*** Information given ***

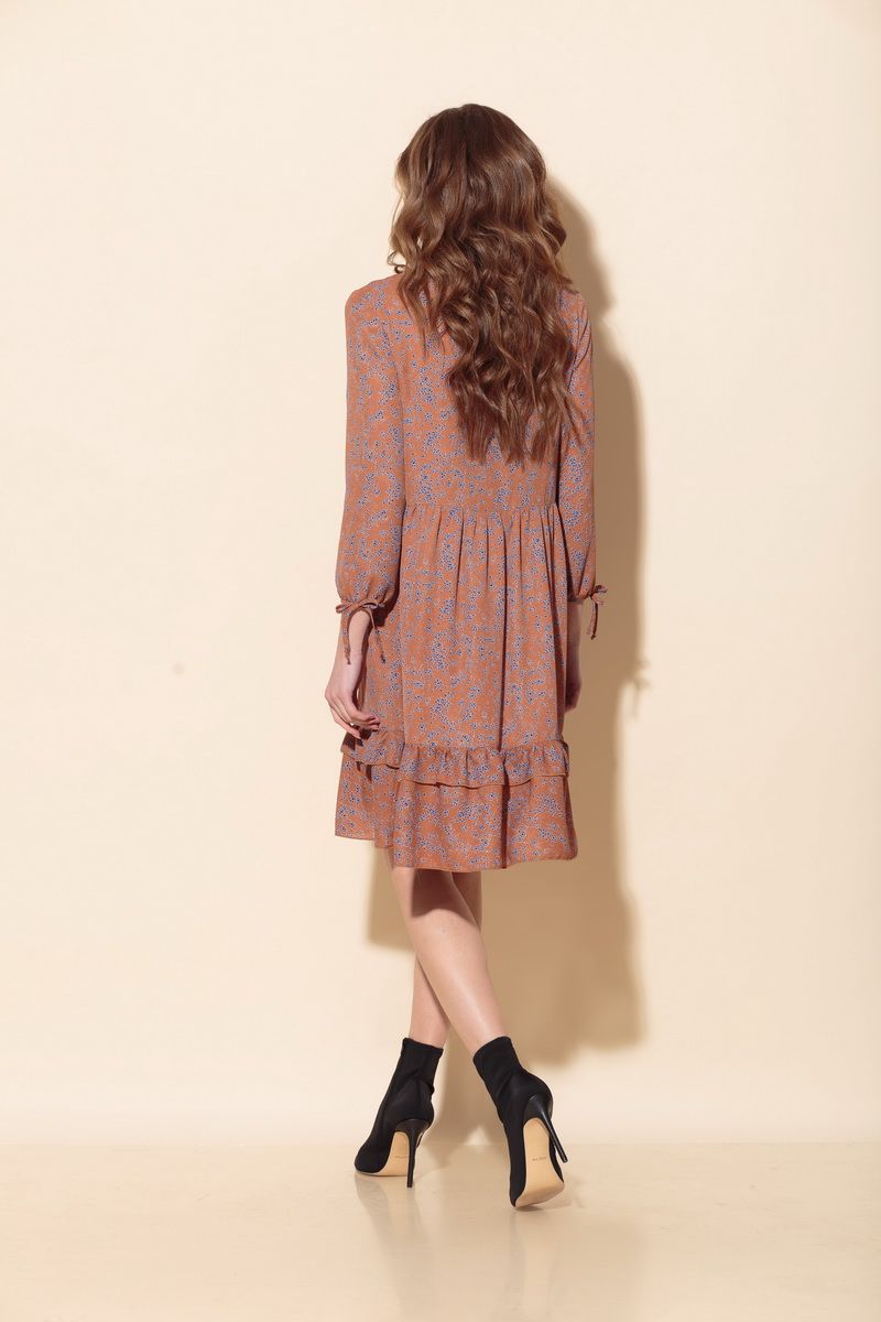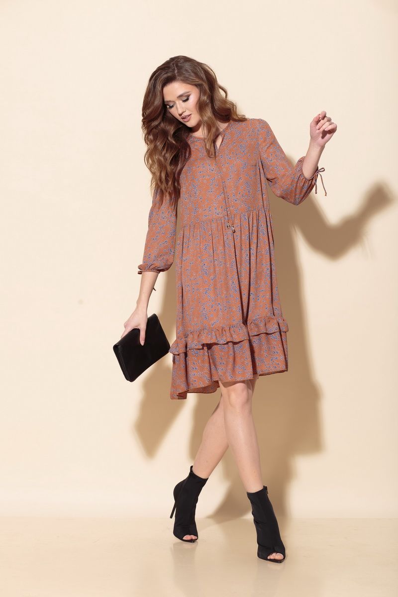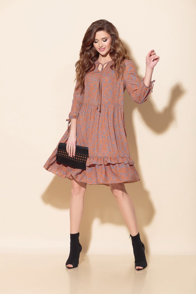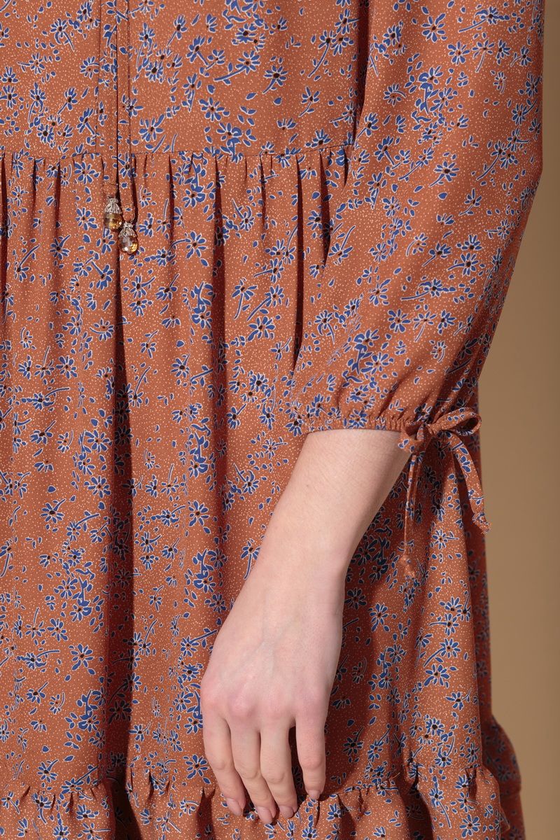Платье свободного силуэта из шифоновой ткани с принтом, подрезом в области линии талии со сборкой и воланом по низу. Перед с V-образным вырезом и завязками с наконечником. Рукав втачной, длина - 3/4, низ на резинке. Длина платья в 44р. - 99 см., длина рукава в 44р. - 52,5 см. Длина платья в 50р. - 102см., длина рукава в 50р. - 52,5 см.
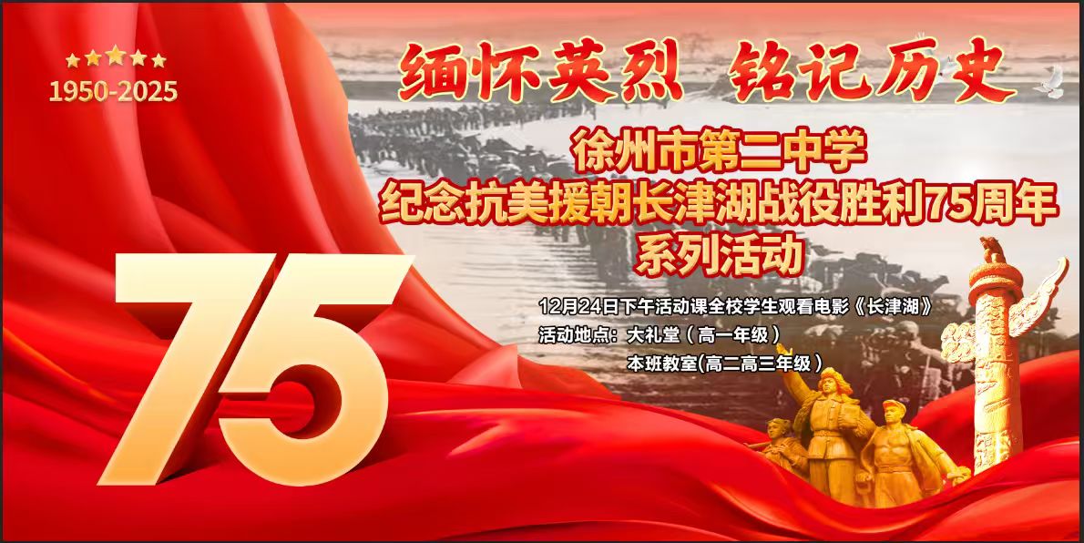 为铭记革命先烈壮举,传承伟大抗美援朝精神,2025年12月24日,徐州市第二中学以“冰雪铸忠魂 青春承使命”为主题,开展纪念抗美援朝长津湖战役胜利75周年系列活动,通过校会宣讲、观影致敬等形式,让红色基因浸润校园,让英雄精神照亮青春征程。
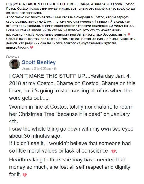 Клиентка американской сети Costco принесла рождественскую ёлку в магазин 4 января, потребовав возместить стоимость покупки, аргументируя это тем, что дерево умерло. К удивлению очевидцев, кассиры вернули женщине деньги. Более того, нашлись люди, утверждающие, что для Cosco такие случаи — почти рутина.
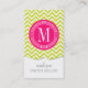 Lime Green Chevron Zigzag Personalised Monogram Business Card
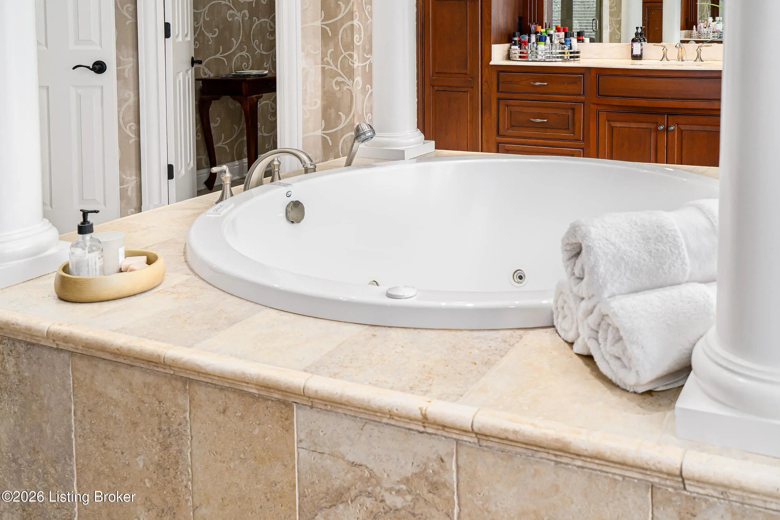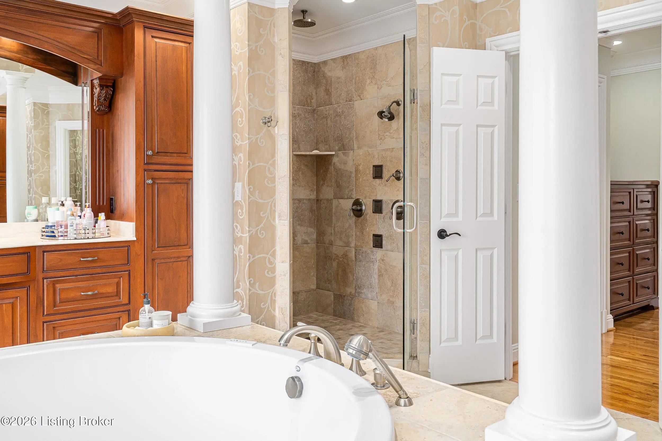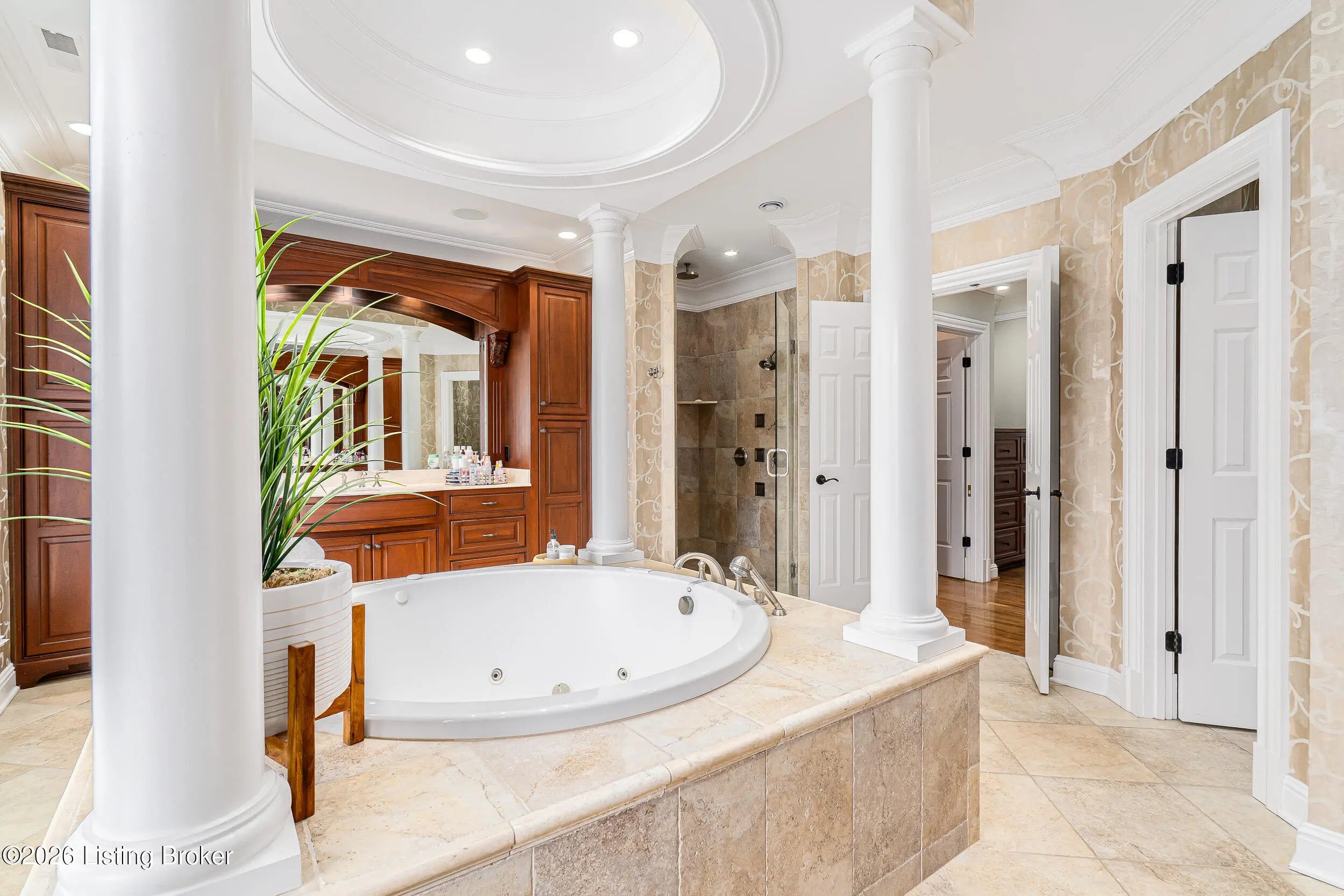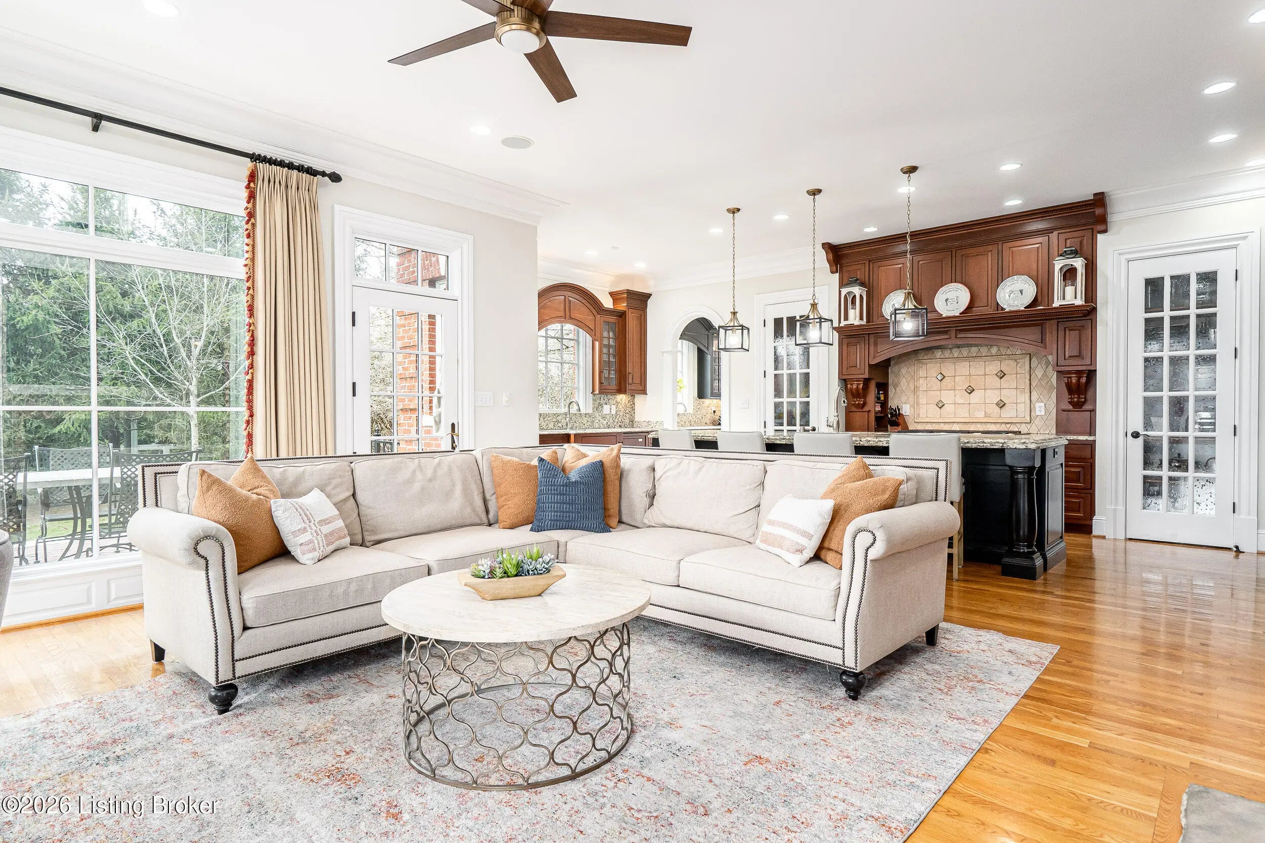 Custom-built in 2006 and ideally situated on over 1.7 acres in prestigious Indian Hills, this five-bedroom home offers quality construction, thoughtful design, and modern efficiency. Each bedroom features its own en-suite bathroom, along with multiple living spaces designed for comfort and entertaining. The home includes geothermal heating and cooling, a new roof installed in 2016, and an elevator servicing all three floors. The welcoming foyer introduces arched entryways, detailed millwork, hardwood flooring, and vaulted ceilings that continue across the main level. The great room features built-in bookcases, a gas fireplace, and expansive rear views from the balcony that spans the back of the residence. The gourmet kitchen offers an oversized island, custom cabinetry, high-end appliances, and a butler's pantry, with an adjacent formal dining room. A tucked-away office space with access to the rear patio has potential for a first-floor bedroom. Upstairs, three generous en-suites include a well-appointed primary bedroom with a sitting area, private balcony access, dual oversized closets, and a spacious bath with soaking tub and separate shower. The lower level expands the home's versatility with a large living area, full kitchen, theater room, hidden wine cellar, and additional bedroom suite. A three-car garage completes this exceptional Indian Hills property.
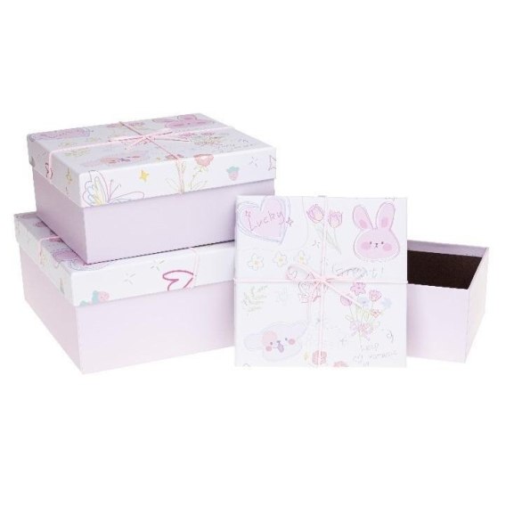 Zestaw pudełek prezentowych 3szt, motyw pastelowy fiolet z obrazkami
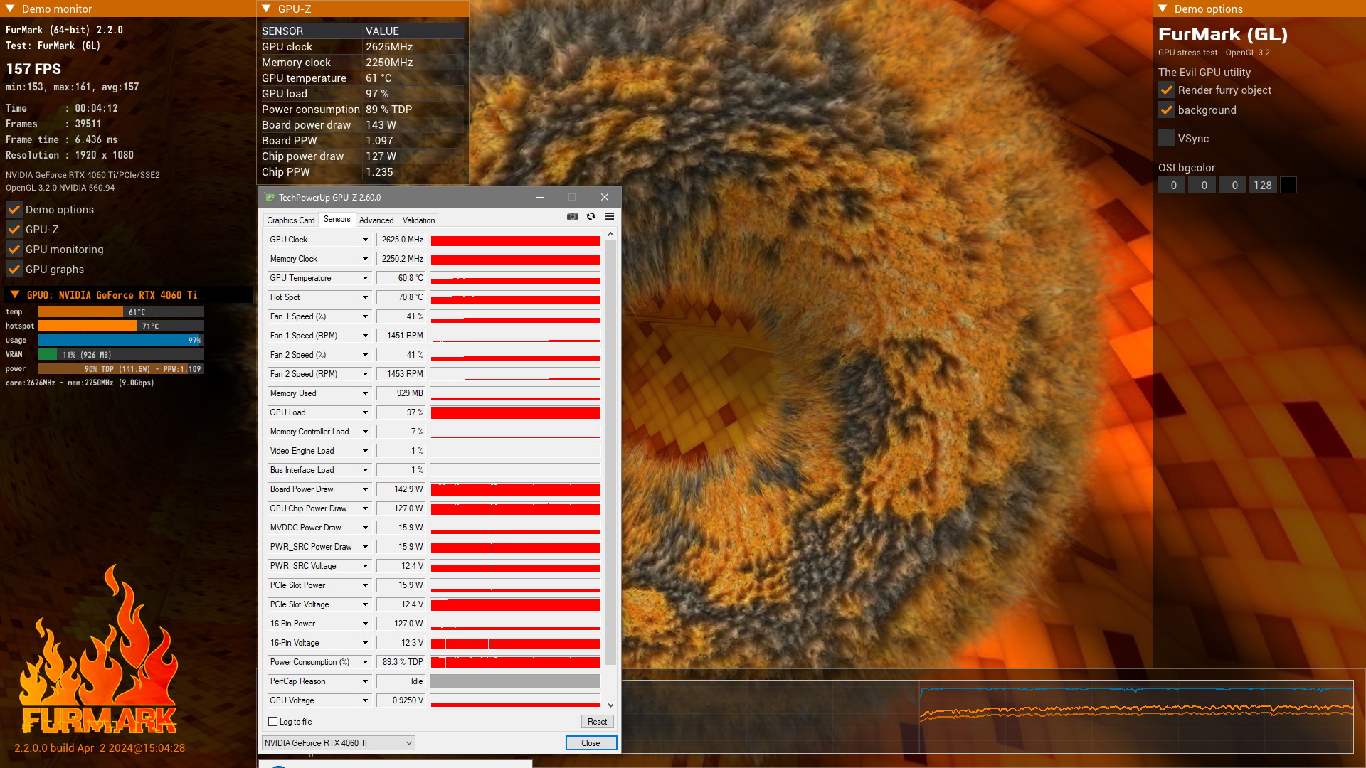 Соотвественно тестировалось это всё с лимитом как на 115Вт так и на 100Вт. На 4060Ti из коробки лимит непропорционально больше. Поэтому вам сложнее в него упираться и тяжёлые тесты позволяют тестировать хоть как-то эти режимы. Но смысла в этом всё равно относительно мало. Потому что нагрузку типа бублика вы НИГДЕ кроме бублика и ему подобных не найдёте. Сочетание лимита мощности с андервольтом в этом плане надёжнее и эффективнее. В играх будет немного больше производительность и частота. А насколько сильно оно при этом упирается в безлимитный бублик без разницы от слова совсем.

***

Work order
Return exactly the stretch above whose first line contains "为铭记革命先烈壮举,传承伟大" and whose last line contains "Lime Green Chevron", and nothing outside it. The pictures should not appear.

Task output
 为铭记革命先烈壮举,传承伟大抗美援朝精神,2025年12月24日,徐州市第二中学以“冰雪铸忠魂 青春承使命”为主题,开展纪念抗美援朝长津湖战役胜利75周年系列活动,通过校会宣讲、观影致敬等形式,让红色基因浸润校园,让英雄精神照亮青春征程。
 Клиентка американской сети Costco принесла рождественскую ёлку в магазин 4 января, потребовав возместить стоимость покупки, аргументируя это тем, что дерево умерло. К удивлению очевидцев, кассиры вернули женщине деньги. Более того, нашлись люди, утверждающие, что для Cosco такие случаи — почти рутина.
 Lime Green Chevron Zigzag Personalised Monogram Business Card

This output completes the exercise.